The Conservative Party's proposed higher tax allowance for pensioners
Robert Salter suggests that the policy appears to be another rushed idea
The recent proposal by the Conservative Party appears to be another rushed idea from politicians
The recent proposal by the Conservative Party to provide pensioners with a special (higher) tax allowance – rather than keeping their personal tax allowance frozen, in the same way it will be for regular taxpayers until April 2028 – appears to be another rushed idea from politicians, who are always ‘tinkering’ with the tax system but have no real strategy or ideas for what the tax system should look like to encourage the ‘right behaviours’ and ensure that there is a balance between the tax collected and the overall fairness and simplicity of the tax system.
What is the perceived problem?
The freezing of the personal tax allowance (until at least April 2028), combined with the ongoing increases in pensions – particularly UK state pensions – has resulted in an increasing number of pensioners becoming liable to a UK tax charge. This development has – in some ways – then been compounded by the fact that pensioners have not received any benefit from the government’s recent cuts to National Insurance.
The UK tax charge on pensions is a particular issue for those purely in receipt of state pensions – whether the basic state pension, SERPs or the state second pension or some combination thereof – as there is no mechanism to directly account for PAYE on state pensions.
Election 24
For more election news and insights visit our Election Hub.
As such, while those individuals who also receive private pensions have any tax accounted for through an adjustment to their PAYE tax code (and hence collected via their private pension), pensioners purely receiving state pensions are now required to prepare annual tax returns to account for their UK tax charge. Moreover, the number of such tax returns which would be required in future years could expand significantly, while the regular personal tax allowance remains fixed at £12,570 a year.
Indeed, by 2027-28, it is estimated that even those people who only receive the basic state pension (so not SERPs or whatever), could be obliged to file an annual tax return, simply because of the workings of the ‘pensions triple lock’. It is also clear that HMRC doesn’t really have the resourcesto process a significant number of additional tax returns and – in reality – the ‘tax-take’ in many cases from having tax returns prepared by this group of people might actually be less than the cost of employing additional HMRC staff.
What is the proposed change?
The Conservatives have now – in very simple terms – promised that to avoid the above problem, they will guarantee that the personal tax allowance band for pensioners will – on a going forward basis – increase by ‘at least the pensions triple lock’. As such, whereas the personal tax allowance for regular taxpayers is frozen until at least April 2028, pensioners will be entitled to a higher personal tax allowance compared to the wider population.

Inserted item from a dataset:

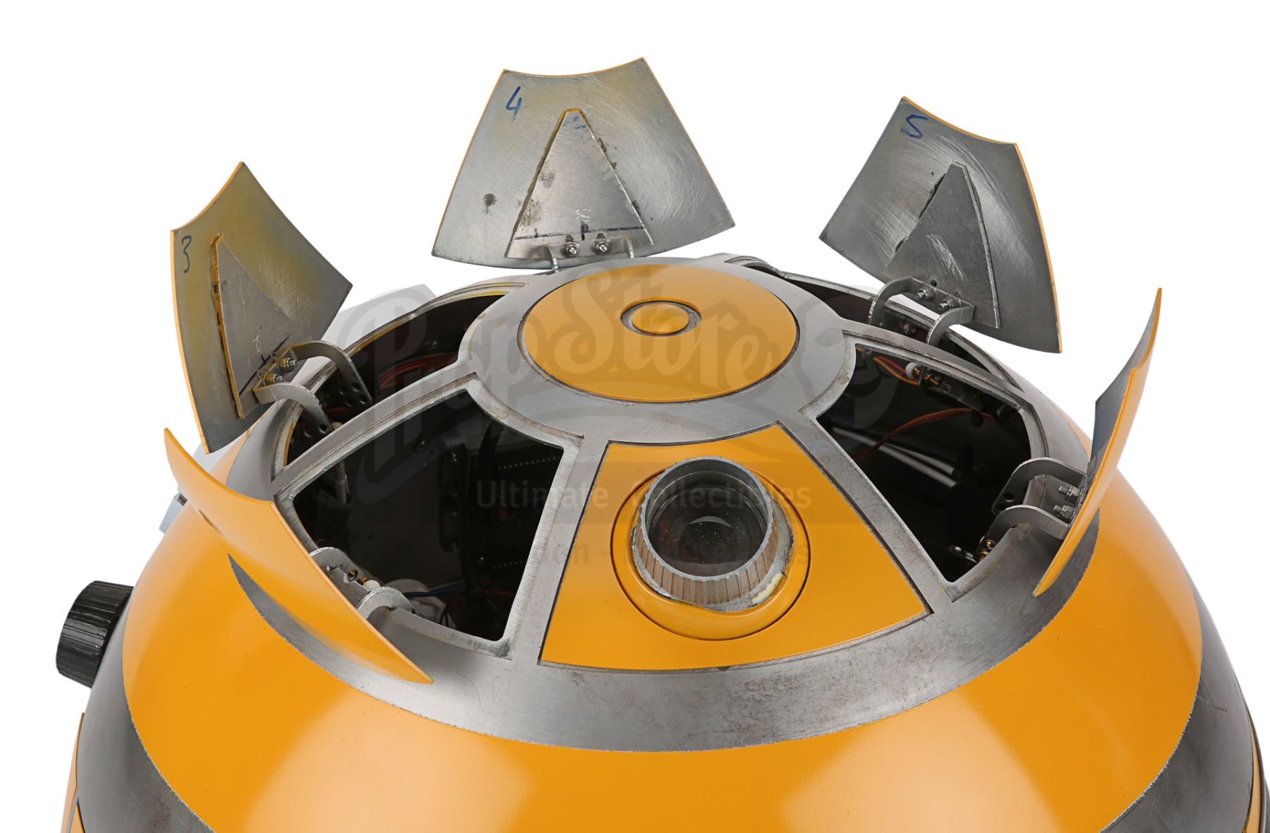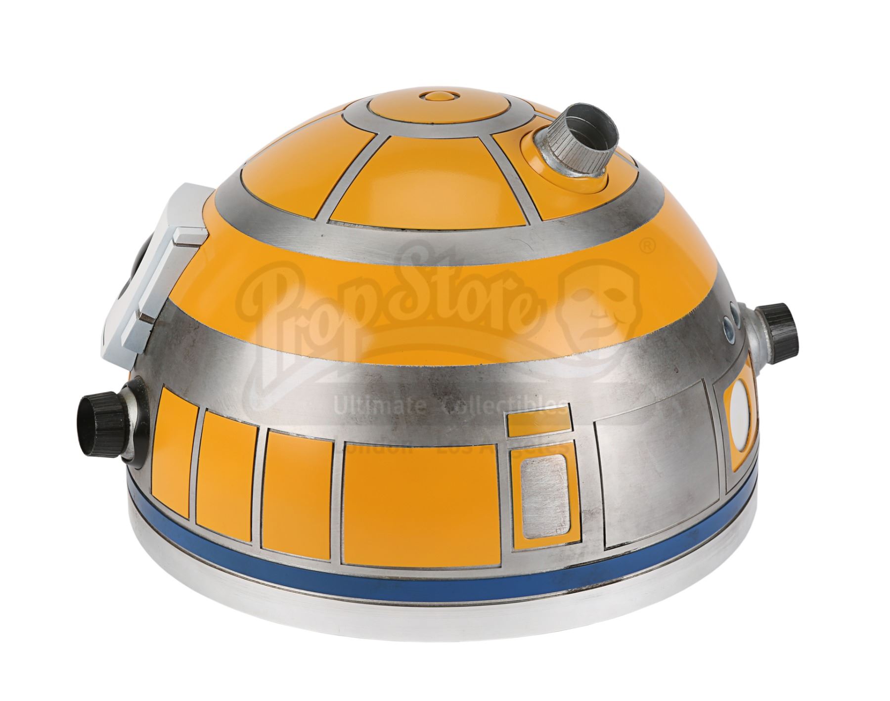 A fully mechanised R2 droid head from the production of J.J. Abrams' Star Wars: The Rise of Skywalker. R2 astromech droids were a common sight in the Star Wars universe, operating mostly as diagnostic and repair units. Although not seen in the final cut of the film, this R2 droid head was provided to the production for filming and is fully mechanised.

What could this mean in practical terms?
While the proposal would help ensure that the number of pensioners needing to file tax returns is minimised – and as such could help reduce the pressures faced by HMRC – a development which should be welcomed by all advisers, given the difficulties that already exist in dealing with HMRC, the reality is that this appears to be a relatively ill-thought out and panicky announcement on the part of the Conservative Party.
For example, from a high-level perspective, it is the type of change which creates additional complexity (and indeed confusion) within the UK tax system. As such, it is easy to imagine, for example, that those pensioners who have ‘other income’ (say letting income or significant dividend or interest income), suddenly imagine that they no longer need to file UK tax returns, whereas such declarations would still be required to report this ‘other income’.
In addition, as things presently stand – and this might be clarified over time – it is not clear how the higher pensioners’ personal tax allowance would work with regard to other parts of the tax system. For instance, what would happen for:
Pensioners who earn over £100,000 a year? Specifically, what will happen about the ‘write down’ of the personal tax allowance which is presently reduced on a specific formula on income between £100,000 – £125,140 a year? The basic rate of tax and the relevant tax thresholds – would these thresholds change, so that slightly wealthier pensioners, for example, still qualify for exactly the same 20% tax band as a regular taxpayer? Or would there be some type of ‘rate band adjustment’, so that the 40% tax band, for example, continued to start at the same level of income for all taxpayers – whether pensioner or regular individuals?
Finally, it is also worth remembering that not all pensioners claim their state pension at the same age. Pensioners who ‘delay’ the receipt of their state pension – so that they can get a higher pension at a later date – could logically still be ‘caught out’ and be taxable on their state pension income if the new pensioner tax allowance is only a specific fixed amount and not something which takes account of that point.
This would not appear ‘fair’, and also wouldn’t encourage taxpayers to remain in the workplace beyond their retirement age, even though this is something which we probably need to encourage as a state – because of the aging workforce, for example.